For how long will we say that our educational system is our country's greatest failing?
It won't surprise you when I say for as long as our inadequate career politicians are in charge:
In the last few weeks, we have had education secretary Michael Gove in an embarrassing climbdown in abandoning his flagship plan to scrap GCSEs and replace them with a new English Baccalaureate.
Liberal Democrat leader Nick Clegg has suggested that he and his wife may send their oldest son to a private school, yet in the past he has said: "Right now there is a great rift in our education system between our best schools, most of which are private, and the schools ordinary families rely on.
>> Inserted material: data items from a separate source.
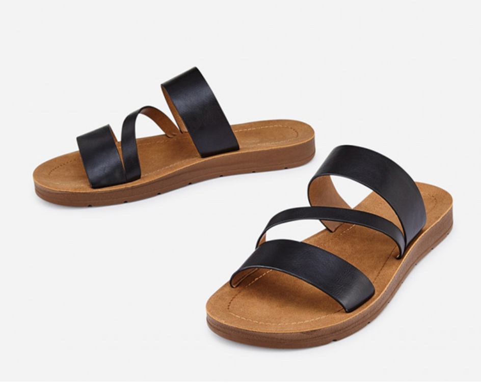 Punta abierta, diseño de tiras, con un bajo tacón.
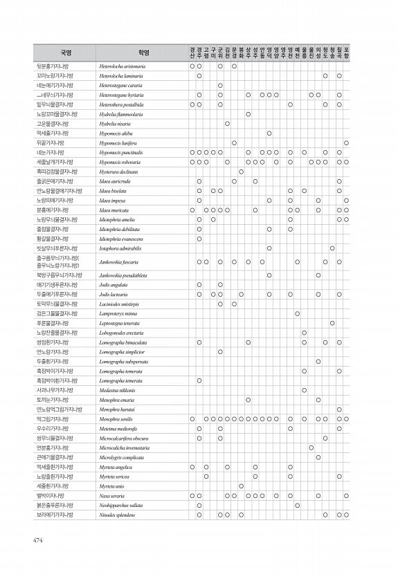 474 뒷분홍가지나방 Heterolocha aristonaria ○ ○ ○ ○ 꼬마노랑가지나방 Heterolocha laminaria ○ ○ ○ 네눈애기가지나방 Heterostegane cararia ○ ㅡ네무늬가지나방 Heterostegane hyriaria ○ ○ ○ ○ ○ ○ ○ ○ ○ 밑무늬물결자나방 Heterothera postalbida ○ ○ ○ ○ ○ ○ 노랑꼬마물결자나방 Hydrelia fammeolaria ○ 고운물결자나방 Hydrelia nisaria ○ 먹세줄가지나방 Hypomecis akiba ○ 뒤끝가지나방 Hypomecis lunifera ○ ○ 네눈가지나방 Hypomecis punctinalis ○ ○ ○ ○ ○ ○ ○ ○ ○ ○ ○ ○ ○ 세줄날개가지나방 Hypomecis ro...
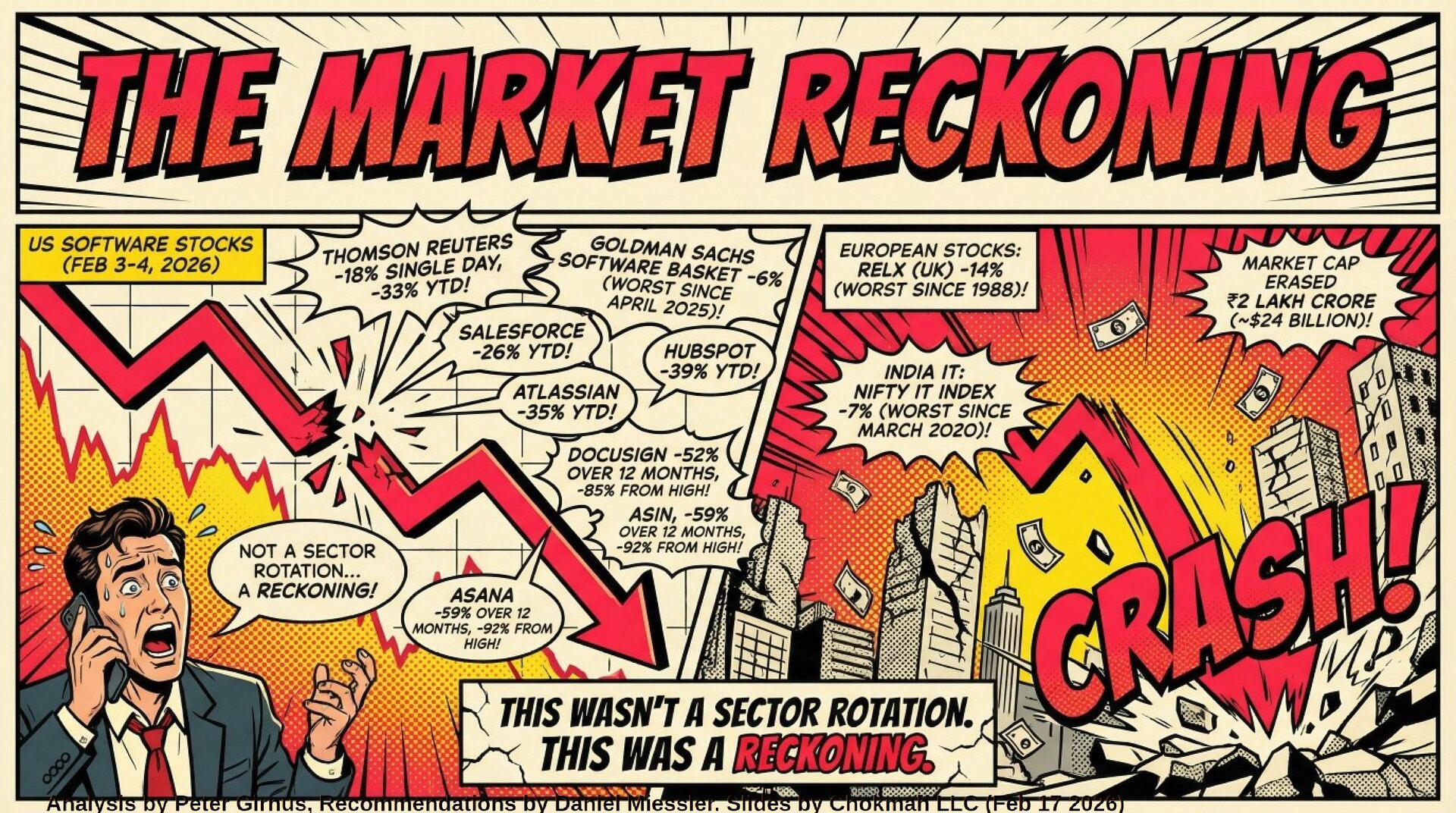 Losers: Traditional SaaS (Salesforce -26%, HubSpot -39%), legal publishing (RELX -14%), Indian IT services (Infosys -8%), and any model predicated on "billable hours" or "per-seat" licensing.

That is corrosive for our society and damaging to our economy."
And this week, helpfully, John Prescott weighed in with: "Public schools are classed as charities and are therefore entitled to tax relief so every every single taxpayer pays about £3.30 a year to effectively sponsor a public school boy... let's scrap this Posh Boy Tax!"
Incompetent, hypocritical, chippy. That just about sums up the British career politician.
Our prime ministers aren't much better. Here's David Cameron last year: "I went to a great school and I want every child to have a great education. I'm not here to defend privilege, I'm here to spread it."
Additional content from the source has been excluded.